In realistic PD clinical rehabilitation, VR training is not employed widely, mainly because mechanism of action of VR training in individuals with PD is unclear. and questions remain as to the duration of effect, as mentioned above [42]. On other hand, VR training still remain some limitations of real-word clinical application compared with traditional physical rehabilitation. Firstly, the cost of VR is high, and although the current study used a commercial VR, it costs more to build a specialized rehabilitation VR; secondly, there is currently no standardized VR rehabilitation protocol to guide rehabilitation physicians in clinical application, and the identification of standardized VR rehabilitation guidelines could help to promote the prevalence of VR application in clinical practice [43]. The possible adverse effects of VR training are also worth considering, such as vision loss, deafness, vertigo, and photosensitive epilepsy showed be made [44].

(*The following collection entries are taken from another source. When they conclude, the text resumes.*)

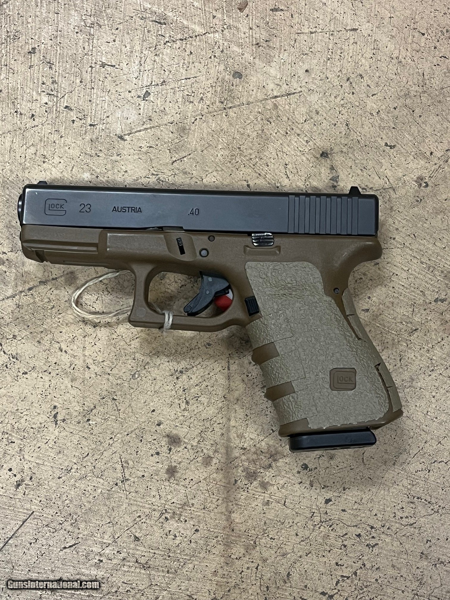 Description: Guns Listing ID: 476822 Glock 23 with fde frame and black slide has extra talon grip in fde one mag SOLD Manufacturer: GLOCK Model: 23 Condition: Used - Non-Certified Barrels: 4 Gauge Info: .40 S&W Finish: black/fde |
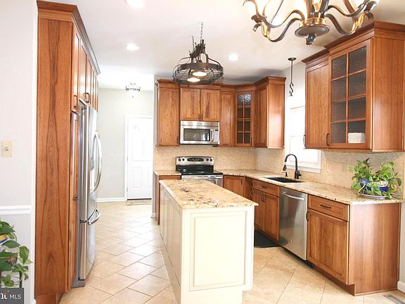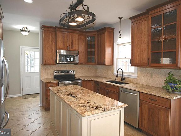 Offers in hand. All offers due by Monday 8:00 pm . Commuters special! Walk to MARC train. Freshly painted, new carpet and ready for new owners. This three bedroom colonial is finished on all three levels. You're going to love the custom hickory kitchen cabinets and center island! Offers 9 foot ceilings, full front porch, upgrade kitchen with 42" hickory cabinets, granite counters, stainless steel appliances, center island, ceramic tile floors, remodeled baths, crown molding, 50 year architectural shingles, out door kitchen, fenced backyard, three storage sheds- one a 12 x24, raised garden beds and more! NO HOA fees! Two 275 gallon water tanks in back yard convey. Safe in basement doesn't convey. Quick settlement possible.
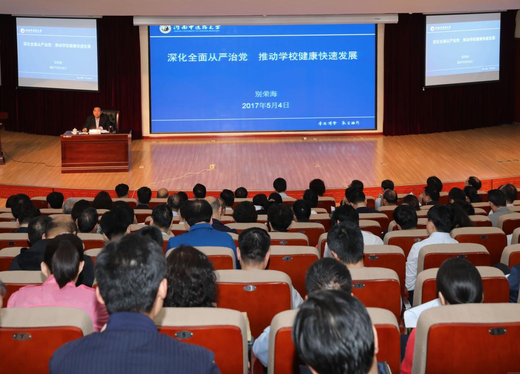 2017年5月4日上午,leyu·乐鱼(中国)体育官方网站在图书馆第一报告厅召开校党委中心组(扩大)学习会,深入贯彻落实十八届六中全会精神,深化全面从严治党。校党委书记别荣海以《深化全面从严治党 促进学校健康快速发展》为题在学习会上讲党课。校党委中心组成员,全体处级干部、机关科级干部、辅导员以及思政部教师代表参加学习会。学习会由校党委副书记张丽霞主持。
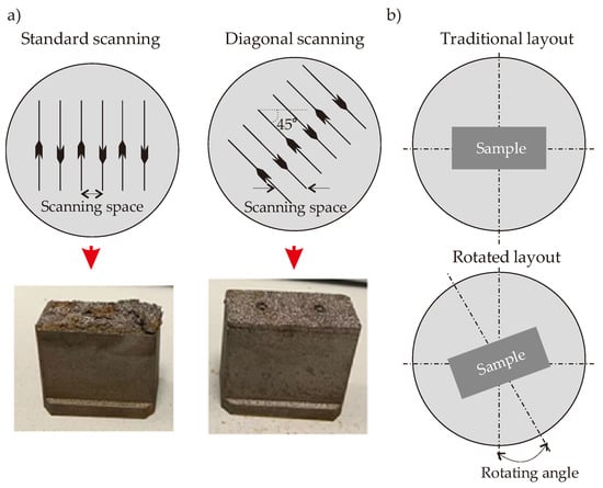 DMLS process parameters; (a) scanning method and (b) sample layout.
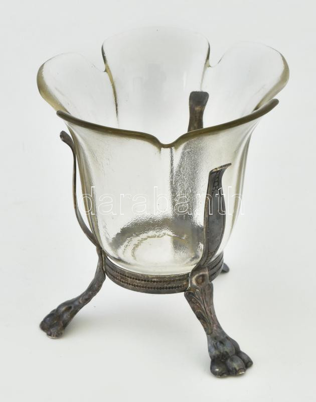 Antik potpourri tartó. Három oroszlánkarmos ezüstözött fém lábon áll, virág alakú üvegbetéttel, jelzés nélkül, m: 14,5 cm
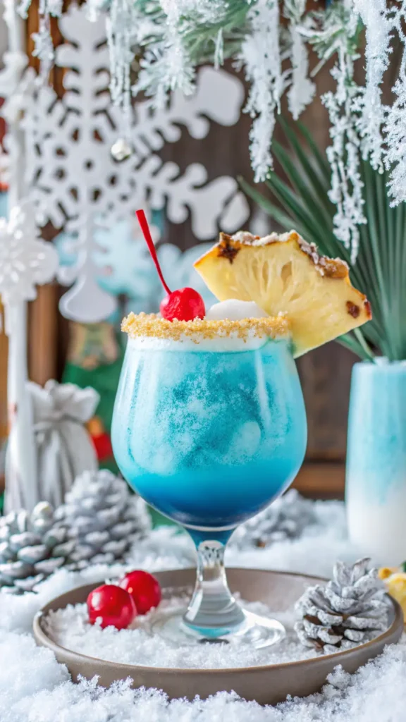 Holiday Parties: This cocktail is perfect for Christmas parties, New Year’s Eve celebrations, or winter birthday parties. The blue color and snowy rim fit the season beautifully.
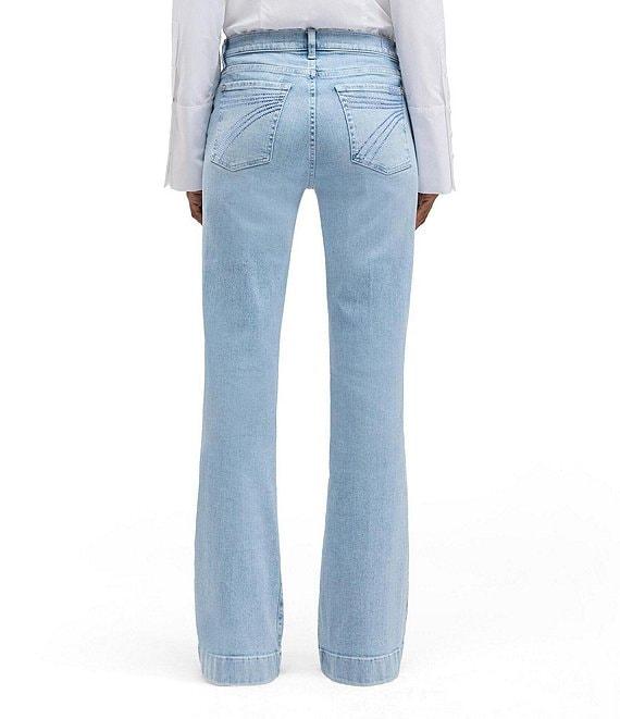 From 7 For All Mankind, these jeans feature: Denim fabrication Mid rise waistline Zipper fly with button closure Flare leg Classic 5-pocket silhouette Twisted seam detail Slim illusion high-stretch denim Approx. 32" inseam Cotton/elastane Machine wash cold/dry flat Imported.
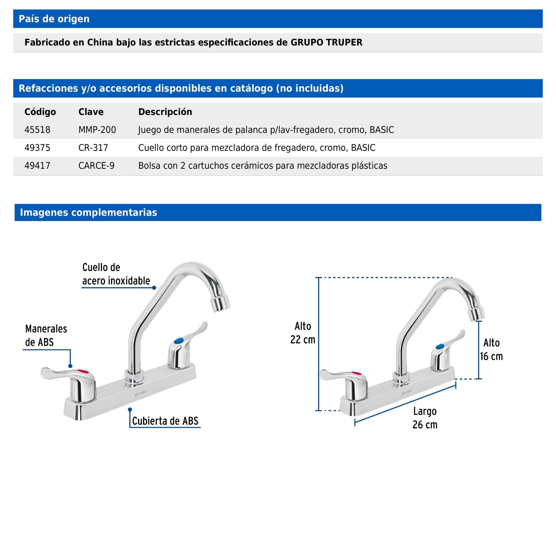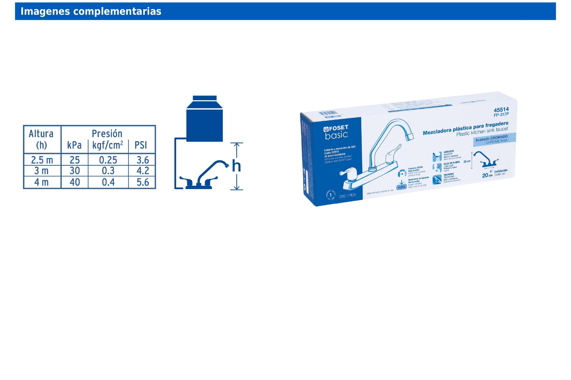 Mezcladora Foset Basic para fregadero con cuerpo termoplástico de alta resistencia y cuello corto de acero inoxidable. Diseñada para instalaciones a 8" entre taladros, incluye manerales tipo palanca y cubierta de ABS cromado que no se oxidan. Incorpora cartucho cerámico de 1/4 de vuelta que permite una apertura suave. Ideal para zonas costeras o húmedas.
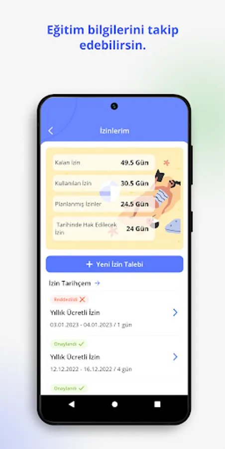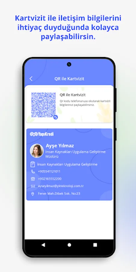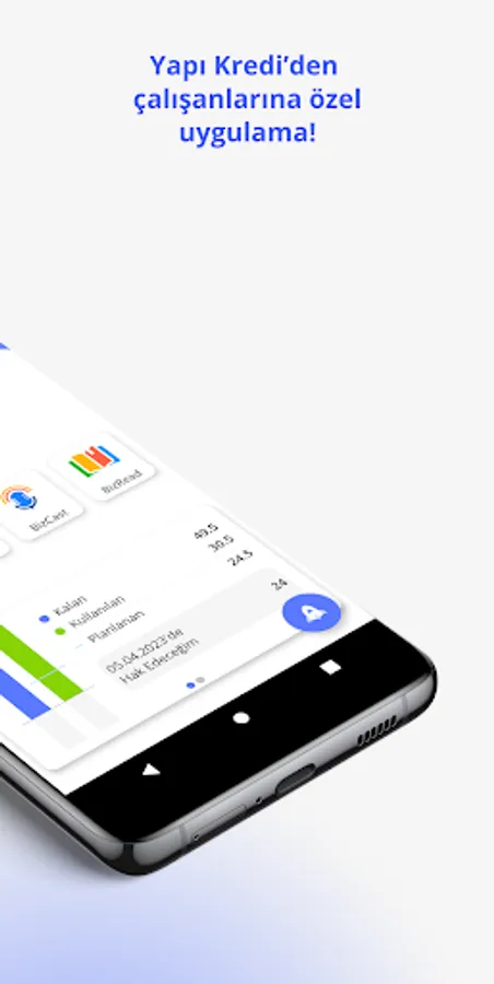 By using the dynamic application, Yapı Kredi Bank employees can enter their leave entries, upload their health reports, view their payrolls, access the contact information of their colleagues in different teams through the person search function, share their QR business cards with their customers and colleagues they are in contact with, and follow their compulsory education. In addition, our Head Office employees can access the daily food menu, and our managers can manage the leave request processes made by their employees. The dynamic mobile application also provides you, Yapı Kredi Bank employees, with different content through social media content platforms such as BizTube, BizCast, and BizRead, while allowing you to purchase tickets to events through the BizClub platform and to use discounted services through contracted institutions.
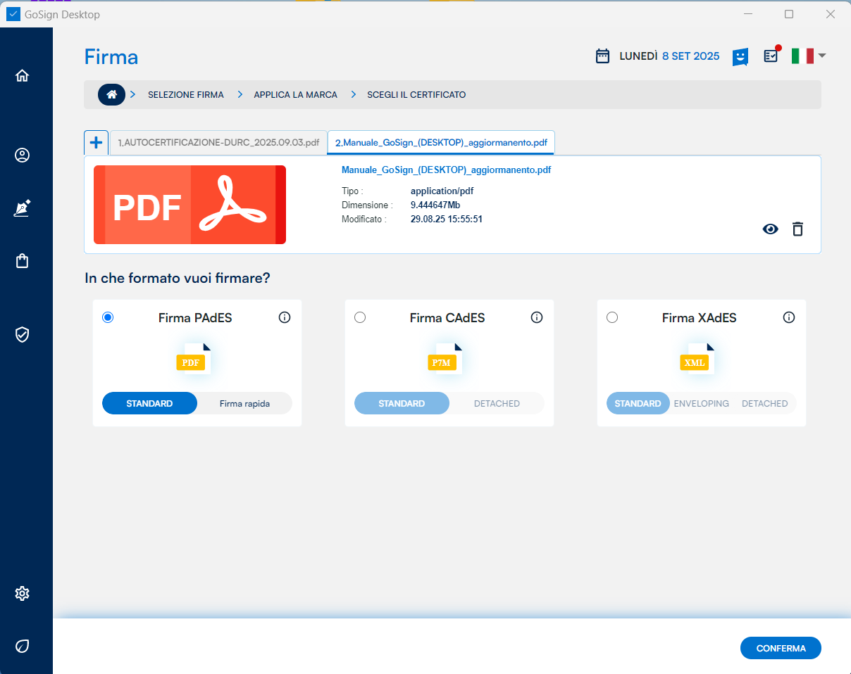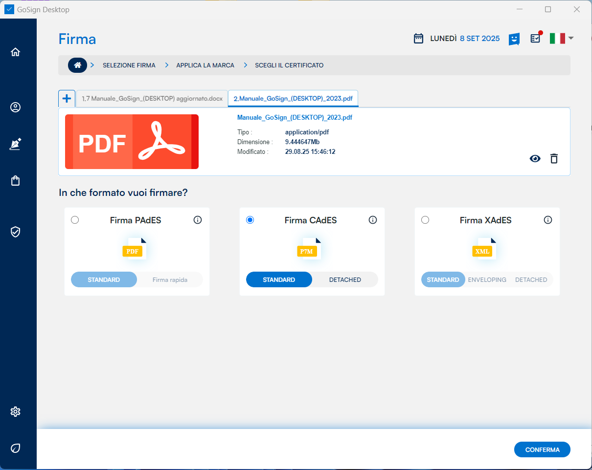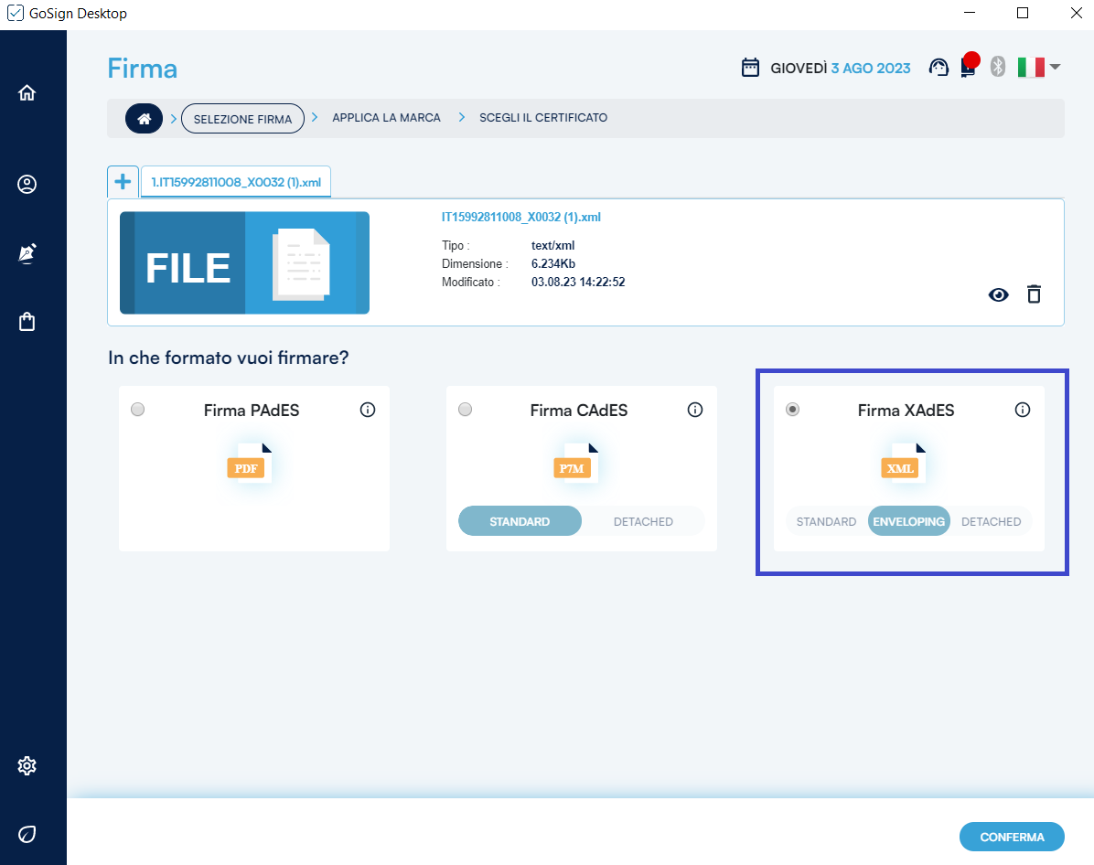 GoSign Desktop PRO mi presenta gli estremi dei documenti che sto per marcare (nome, tipo) e i possibili formati di marcatura che posso eseguire a loro carico. Dopo aver identificato il formato di marcatura che mi occorre, procedo con un clic sul pulsante Conferma.
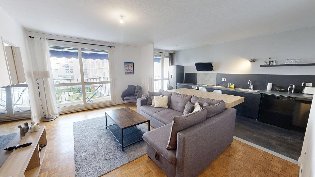 La cuisine est très bien équipée (four, lave-vaisselle, plaques de cuisson, hotte, frigidaire, rangements) et bénéficie d’une table à manger accompagnée de six chaises pour partager des repas conviviaux. Le salon est agencé avec du mobilier de goût, et s’équipé d’un canapé, d’une table basse, d’un meuble TV accompagné de sa TV, et d’un fauteuil. Ce salon donne accès à un agréable balcon avec vue sur une cour intérieure.
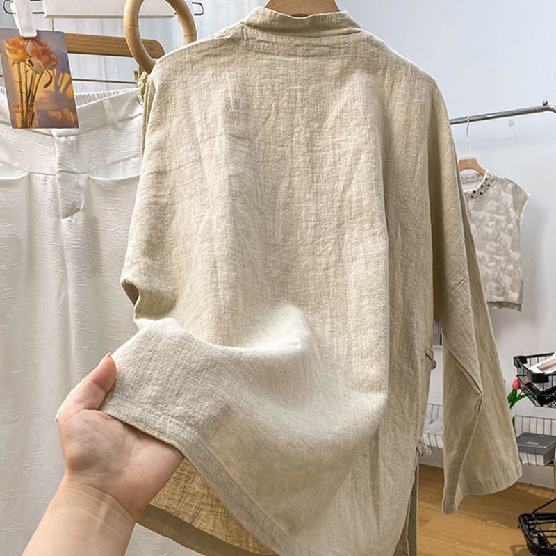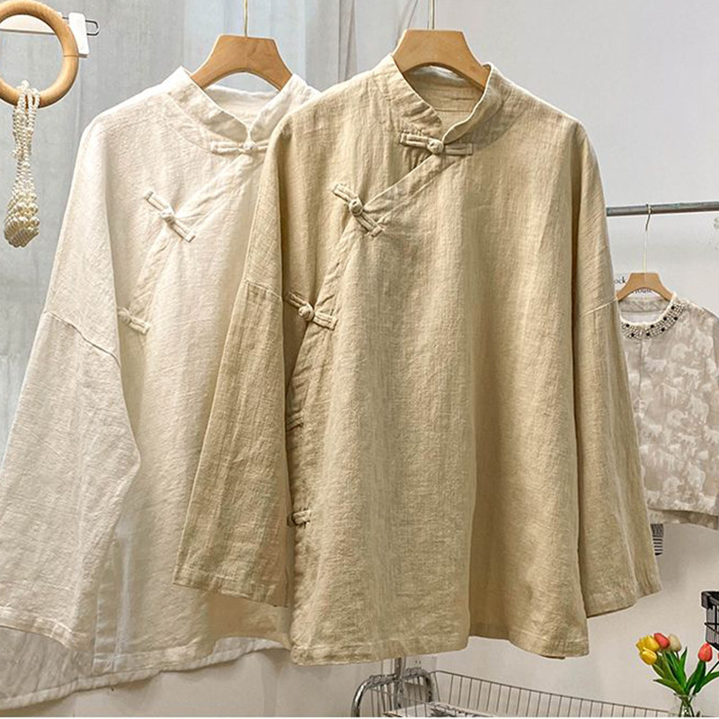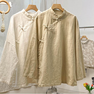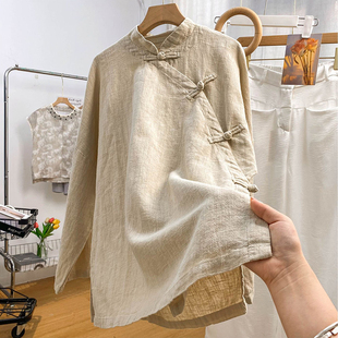禅意立领盘扣衬衣文艺长袖 复古上衣春秋新款 茶服 衬衫 棉麻休闲长袖
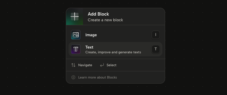 - The output from the Text Block can be used as input for other blocks, such as Image Blocks.
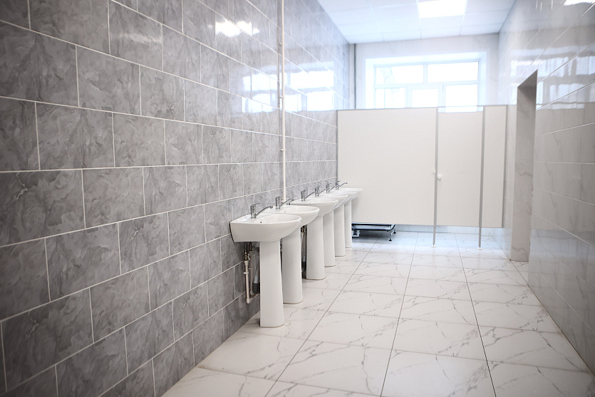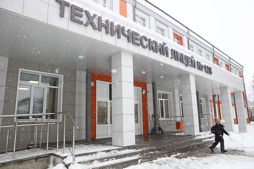 «Очень изменился первый этаж: у нас здесь были на полу доски. А сейчас — керамогранит. Ещё добавились туалеты, что очень важно. В начальной школе туалет был только на первом этаже, теперь на каждом этаже есть туалетные комнаты для мальчиков и для девочек. Фасадная часть поменялась полностью», — перечислила директор технического лицея №128 Ольга Могулёва.

The present study had several limitations. First, the study focused only on the currently available meta-analyses of RCTs. Second, data was not found pertaining to VR side effects. Third, this study did not directly assess the quality of all the associated studies in each meta-analysis but focused only on the quality of the included associated studies. Fourth, limitations in source data restricted determination of VR related effects on upper extremity executive ability and cognitive function. As well, there were no data on long-term outcomes. This may be because prolonged rehabilitation interventions make it difficult for individuals with PD to adhere to established schedules. As most individuals with PD patients are elderly attendance to follow-up visits may be more difficult to obtain. Fifth, heterogeneity was high from the analysis of our study. The reason for the higher heterogeneity may be the bias in the quality of the included meta-analyses, and more high-quality studies are needed for further observation in the future.

Conclusions

The current umbrella review identified improvements in balance, stride length, quality of life, and activity of daily living in PD patients after VR training. These results indicate that new types of VR training may be useful in rehabilitating individuals with PD. However, more long-term and large cohort clinical trials are needed to demonstrate the effects of VR training on outcomes such as psychological status and upper extremity motor performance.